Теперь ему чудилось, что только мысль об этой встрече и поддерживала его всю жизнь. Оказывается, какие-то «поповские сказки» все же запали ему в голову, какой-то «опиум для народа» все же отравил ум. Его не страшила смерть, потому что впереди была сияющая даль и тонкий очерк девичьей фигуры – прямой, красивой, с длинной косой и чудесными ясными глазами, – замершей в ожидании… Но вдруг, в один ужасный день, Мурзик осознал, что никакой встречи с Верой быть не может. Она, невинно убиенная праведница, мученица, обитает в раю. Он же попадет в ад, где ему прежде казалось очень заманчиво: ведь туда должно было отправиться все веселое, все самое привлекательное: молодые, тугие, грудастые девки и бабы (а также дамы, коих Мурзиком было перепорчено великое множество), щегольская одежда и обувь, которую Мурзик очень любил (плисовые пиджаки в талию, кумачовые косоворотки, кожаные скрипучие регланы, френчи или парусиновые костюмы, сапоги с калошами или без оных, фасонные, «бутылками», или светлые штиблеты, кожаные фуражки и шляпы канотье). В ад отправятся песенки развеселые, в том числе та, старая, самая любимая:
Не понравился ей Моей жизни конец, И с немилым, назло мне, Пошла под венец. Не видала она, Как я в церкви стоял, Прислонившись к стене, Безутешно рыдал.В ад непременно отравилось бы золотишко, некогда натыренное у молодой, злой, аки бес, но такой глупой Советской республики и надежно захованное в некоем тайничке… Эх, беда, так и пролежит оно в том тайничке до Страшного суда! Мурзик делал припас на черный день, но как-то так вышло, что припас и черный день несоединимо разнеслись во времени и пространстве. В аду предстояло оказаться водочке и селедочке, и квашеной капустке, и соленым огурцам, и картошечке с маслом, и колбаске с чесноком, и белым французским булкам, толстым сладким пряникам, которые Мурзик любил до умопомрачения и которые готов был есть хоть сутки напролет, уничтожал фунтами, ну а потом, когда фунты отменили как буржуазный пережиток, килограммами… Такое ощущение, что из всей вкусной еды в рай допускались только яблоки. Яблоки Мурзик тоже очень жаловал. Особенно анис. Яблоки и Вера – это были, конечно, главные прелести райской жизни!

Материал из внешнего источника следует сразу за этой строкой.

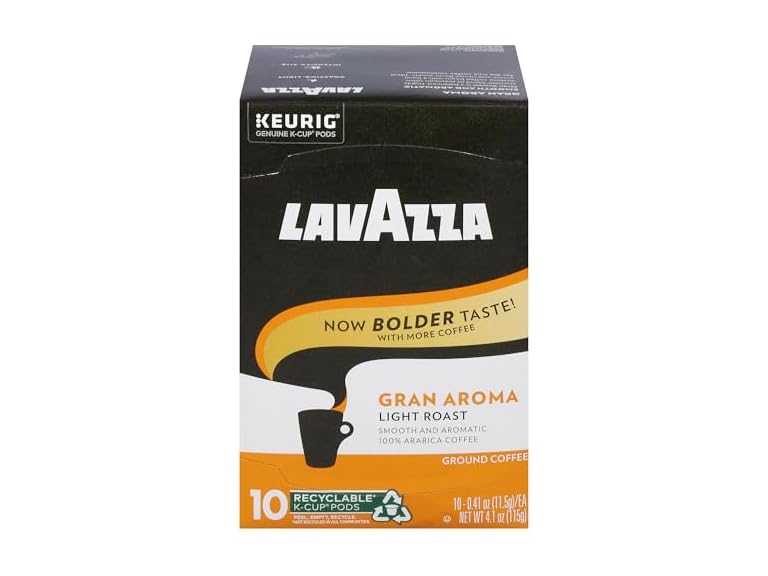 - (1) Lavazza Gran Aroma Single-Serve Coffee K-Cup® Pods for Keurig Brewer, Light Roast, 10-Count Box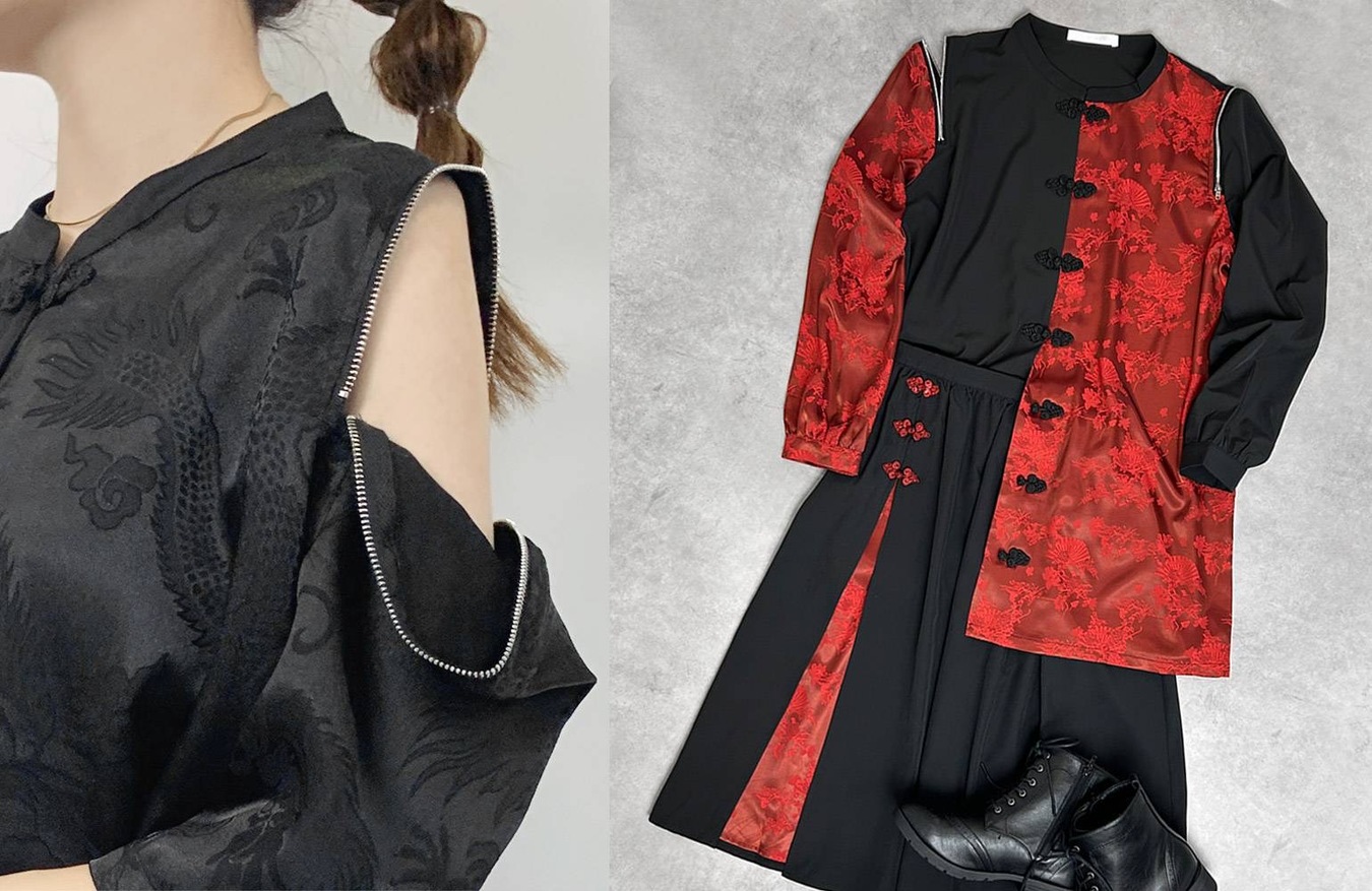 光沢感あるジャガード生地が上品&モードでスタイリッシュな印象に。目を惹くチャイナボタンがおしゃれ心くすぐります。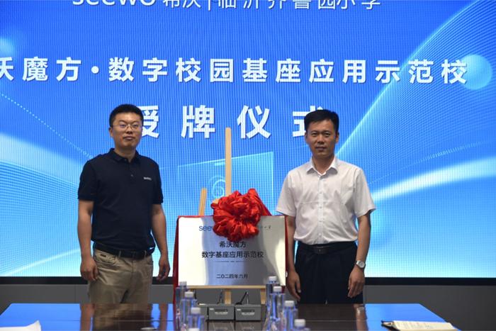 隨后,在所有來(lái)賓的共同見(jiàn)證下,希沃山東營(yíng)銷中心銷售總監(jiān)馬端旭與臨沂齊魯園小學(xué)黨委書(shū)記、校長(zhǎng)馮維峰上臺(tái)簽署希沃魔方·數(shù)字基座應(yīng)用示范校合作協(xié)議,并進(jìn)行示范校授牌儀式。

А между тем Мурзик понимал, что оказаться в раю у него нет никакой надежды. Руки его в крови не то что по локоть… всей воды мира не хватит, чтобы их отмыть. И всего в мире щелока. Их ни в каком чистилище не отчистят! Куда с такими-то ручищами он собрался, в какой, к черту, рай? Гореть, гореть ему в аду… Да это ладно, а вот что неладно, так то, что встречи с Верой не будет!
Разве что он исхитрится – и заслужит прощение у вышних сил…
А как его заслужить?
Мурзик думал-думал – и выискал-таки ответ: если Вера была мученицей, значит, и ему предстоит сделаться таким же мучеником, страданиями искупить грехи.